Data items
* * *
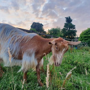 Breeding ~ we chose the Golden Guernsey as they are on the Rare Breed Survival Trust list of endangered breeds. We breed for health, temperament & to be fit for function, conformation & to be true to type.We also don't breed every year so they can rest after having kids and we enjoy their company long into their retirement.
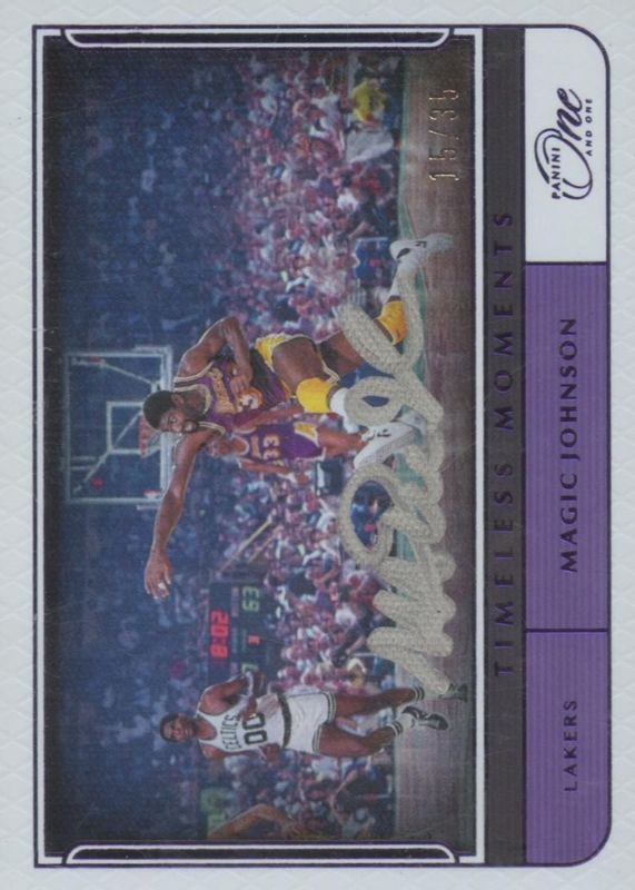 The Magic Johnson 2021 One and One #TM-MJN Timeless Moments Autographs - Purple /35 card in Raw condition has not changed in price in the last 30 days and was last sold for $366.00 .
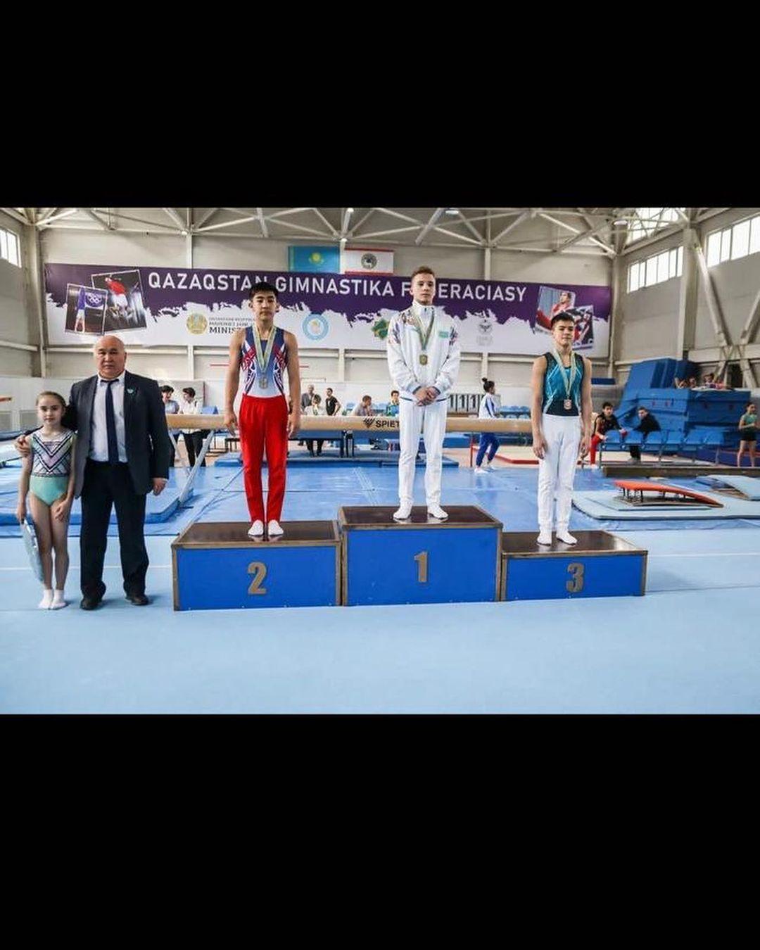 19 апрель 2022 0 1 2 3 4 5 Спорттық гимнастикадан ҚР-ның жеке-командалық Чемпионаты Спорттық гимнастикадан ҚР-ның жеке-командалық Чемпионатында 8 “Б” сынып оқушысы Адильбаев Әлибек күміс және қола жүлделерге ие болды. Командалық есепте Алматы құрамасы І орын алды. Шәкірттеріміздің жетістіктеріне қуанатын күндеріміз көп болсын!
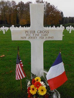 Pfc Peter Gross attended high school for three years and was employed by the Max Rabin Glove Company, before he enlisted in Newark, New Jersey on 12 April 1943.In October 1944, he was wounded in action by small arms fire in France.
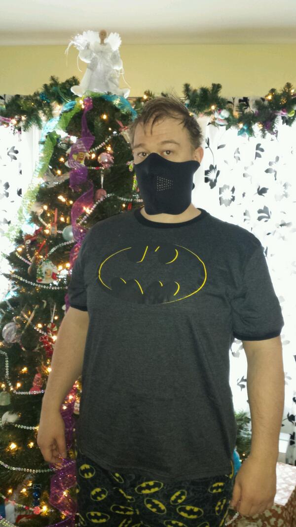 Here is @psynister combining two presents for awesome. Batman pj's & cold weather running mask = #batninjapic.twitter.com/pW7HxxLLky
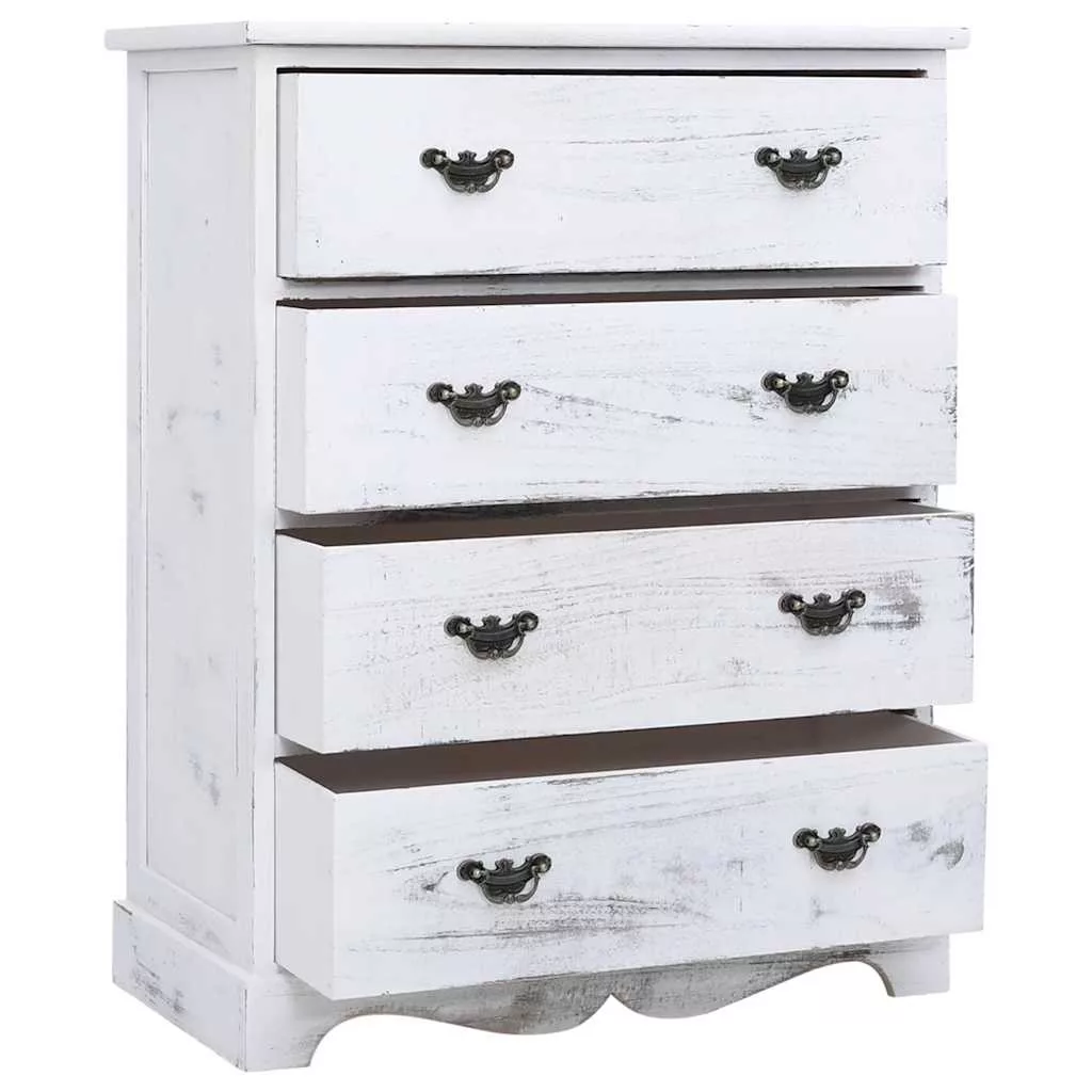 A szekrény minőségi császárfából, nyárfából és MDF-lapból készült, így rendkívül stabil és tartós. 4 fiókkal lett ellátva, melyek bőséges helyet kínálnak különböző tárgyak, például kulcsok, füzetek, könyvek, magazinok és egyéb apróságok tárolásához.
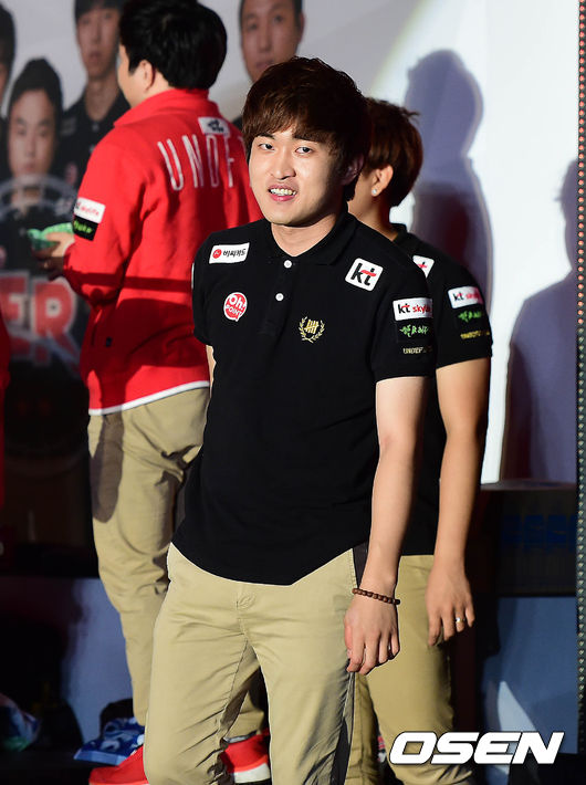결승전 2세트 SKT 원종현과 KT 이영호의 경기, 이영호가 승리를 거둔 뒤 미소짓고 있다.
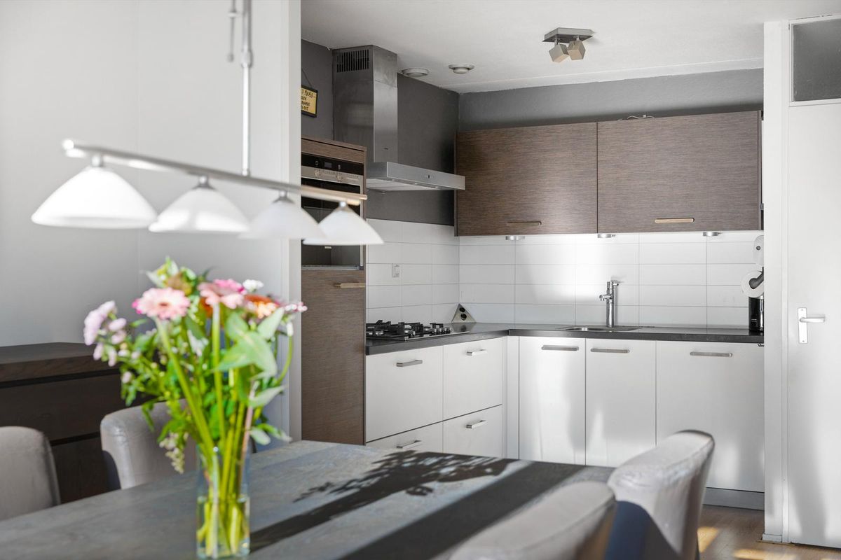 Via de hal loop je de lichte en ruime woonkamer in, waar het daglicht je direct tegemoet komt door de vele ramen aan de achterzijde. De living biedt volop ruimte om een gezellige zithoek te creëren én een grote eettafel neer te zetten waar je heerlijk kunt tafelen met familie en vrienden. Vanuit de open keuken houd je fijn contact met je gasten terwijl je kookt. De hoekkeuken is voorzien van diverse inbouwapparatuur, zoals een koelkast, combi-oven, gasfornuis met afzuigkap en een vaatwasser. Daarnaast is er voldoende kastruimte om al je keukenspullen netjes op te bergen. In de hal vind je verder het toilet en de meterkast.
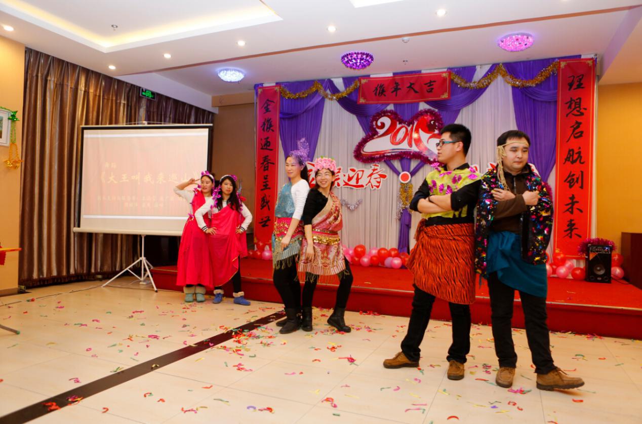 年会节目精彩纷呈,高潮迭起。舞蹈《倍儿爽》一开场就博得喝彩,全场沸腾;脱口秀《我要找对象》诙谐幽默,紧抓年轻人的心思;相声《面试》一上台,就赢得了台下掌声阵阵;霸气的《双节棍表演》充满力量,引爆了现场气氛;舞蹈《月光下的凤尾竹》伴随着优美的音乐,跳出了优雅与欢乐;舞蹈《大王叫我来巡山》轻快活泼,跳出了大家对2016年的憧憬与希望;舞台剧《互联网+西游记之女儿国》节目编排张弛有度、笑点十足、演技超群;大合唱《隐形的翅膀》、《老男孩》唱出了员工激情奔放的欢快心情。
* * *
§ WORK REQUIRED:
All entries should be restated word for word; no images belong in the copy.

§ SOLUTION FOR THIS PROBLEM:
 Breeding ~ we chose the Golden Guernsey as they are on the Rare Breed Survival Trust list of endangered breeds. We breed for health, temperament & to be fit for function, conformation & to be true to type.We also don't breed every year so they can rest after having kids and we enjoy their company long into their retirement.
 The Magic Johnson 2021 One and One #TM-MJN Timeless Moments Autographs - Purple /35 card in Raw condition has not changed in price in the last 30 days and was last sold for $366.00 .
 19 апрель 2022 0 1 2 3 4 5 Спорттық гимнастикадан ҚР-ның жеке-командалық Чемпионаты Спорттық гимнастикадан ҚР-ның жеке-командалық Чемпионатында 8 “Б” сынып оқушысы Адильбаев Әлибек күміс және қола жүлделерге ие болды. Командалық есепте Алматы құрамасы І орын алды. Шәкірттеріміздің жетістіктеріне қуанатын күндеріміз көп болсын!
 Pfc Peter Gross attended high school for three years and was employed by the Max Rabin Glove Company, before he enlisted in Newark, New Jersey on 12 April 1943.In October 1944, he was wounded in action by small arms fire in France.
 Here is @psynister combining two presents for awesome. Batman pj's & cold weather running mask = #batninjapic.twitter.com/pW7HxxLLky
 A szekrény minőségi császárfából, nyárfából és MDF-lapból készült, így rendkívül stabil és tartós. 4 fiókkal lett ellátva, melyek bőséges helyet kínálnak különböző tárgyak, például kulcsok, füzetek, könyvek, magazinok és egyéb apróságok tárolásához.
결승전 2세트 SKT 원종현과 KT 이영호의 경기, 이영호가 승리를 거둔 뒤 미소짓고 있다.
 Via de hal loop je de lichte en ruime woonkamer in, waar het daglicht je direct tegemoet komt door de vele ramen aan de achterzijde. De living biedt volop ruimte om een gezellige zithoek te creëren én een grote eettafel neer te zetten waar je heerlijk kunt tafelen met familie en vrienden. Vanuit de open keuken houd je fijn contact met je gasten terwijl je kookt. De hoekkeuken is voorzien van diverse inbouwapparatuur, zoals een koelkast, combi-oven, gasfornuis met afzuigkap en een vaatwasser. Daarnaast is er voldoende kastruimte om al je keukenspullen netjes op te bergen. In de hal vind je verder het toilet en de meterkast.
 年会节目精彩纷呈,高潮迭起。舞蹈《倍儿爽》一开场就博得喝彩,全场沸腾;脱口秀《我要找对象》诙谐幽默,紧抓年轻人的心思;相声《面试》一上台,就赢得了台下掌声阵阵;霸气的《双节棍表演》充满力量,引爆了现场气氛;舞蹈《月光下的凤尾竹》伴随着优美的音乐,跳出了优雅与欢乐;舞蹈《大王叫我来巡山》轻快活泼,跳出了大家对2016年的憧憬与希望;舞台剧《互联网+西游记之女儿国》节目编排张弛有度、笑点十足、演技超群;大合唱《隐形的翅膀》、《老男孩》唱出了员工激情奔放的欢快心情。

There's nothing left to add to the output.